Imagine what it means to be any one of the billions of animals who share our world.
The circumstances and experiences of every individual and every group who have experienced, or are currently experiencing, oppression should be acknowledged and respected as being unique. Nevertheless, it is important to recognize that the mentality of those oppressing others, in all manner of historical situations, has some striking commonalities. For example, looking back on the era of colonization in the Americas, the injustice of displacing and killing vast numbers of indigenous peoples now seems obvious to almost all of us -- painfully so. Yet when it was happening, for many in the dominant group, it seemed justified, even righteous and in accordance with many people's religious beliefs. Similarly, the exploitation and violence practiced during the era of human slavery can be characterized as nothing short of egregious, yet it seemed quite ordinary and justified to those in the dominant group. Most people would not even dream of challenging the philosophical, economic, religious and scientific justifications offered by contemporary authority figures.
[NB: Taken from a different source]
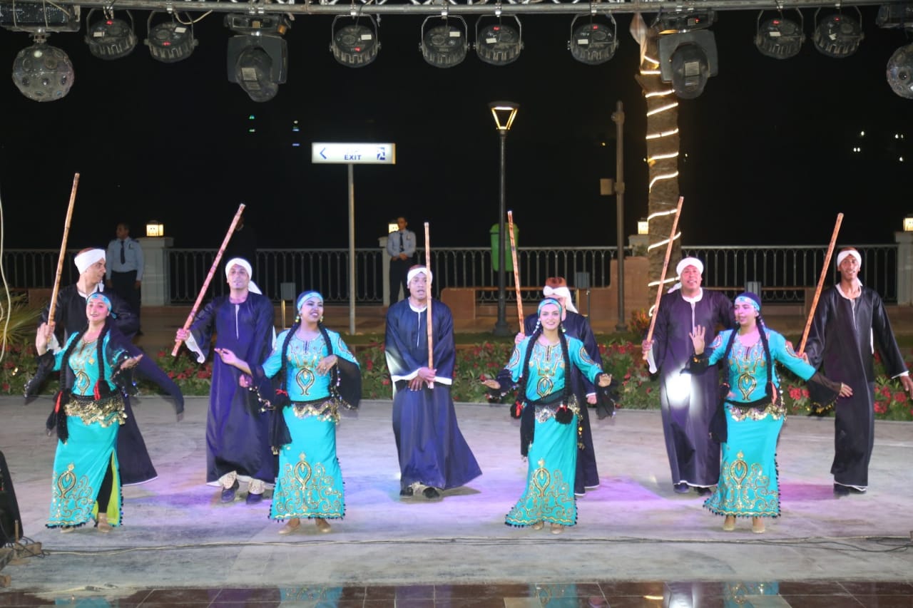 وزيرة الثقافة ومحافظ بني سويف يشهدان الليلة السابعة من ليالي رمضان بالممشى السياحي بالمحافظة | صور

Imagine living in a time and place where you were subject to such horrific treatment, and how difficult your life would be. Imagine how much it would mean to have even one member of the dominant group see you as an individual worthy of respect, speak out on your behalf, and take on the difficult work of demanding justice for you and for all others whom society had doomed to live under the domination of others.
Being an advocate for justice has never been easy, and throughout history has often been accompanied by ridicule, financial sacrifice and social isolation. But looking back, how do we perceive those who saw through the mistaken ideas of their own times and advocated for those without status, without standing, without a voice? Are they not the courageous visionaries of our history books, the ones who for a time became the conscience of their communities, and in some cases, an entire nation? Are they not the ones who envisioned a better future for all, and then actually did the work and took the risks necessary to make this vision a reality? Are we not all in their debt, both those in the groups once oppressed and those in the groups who once did the oppressing? Can we imagine what our society might have become had they not stood up and challenged the status quo, had they chosen instead to look away and remain silent?
The Peaceable Practice of advocating for animals offers us the opportunity to extend the reach of our existing commitment to justice and compassion for other humans, to challenge the ideas, cultural norms, scientific fallacies, economic interests and laws that are being used to justify the displacement, oppression, enslavement and killing of billions of animals around the world.
If we were to find ourselves in the tragic situation of non-human animals, what would we hope others would say and do on our behalf? Those words and deeds are the work of those carrying out the Peaceable Practice of advocating for animals.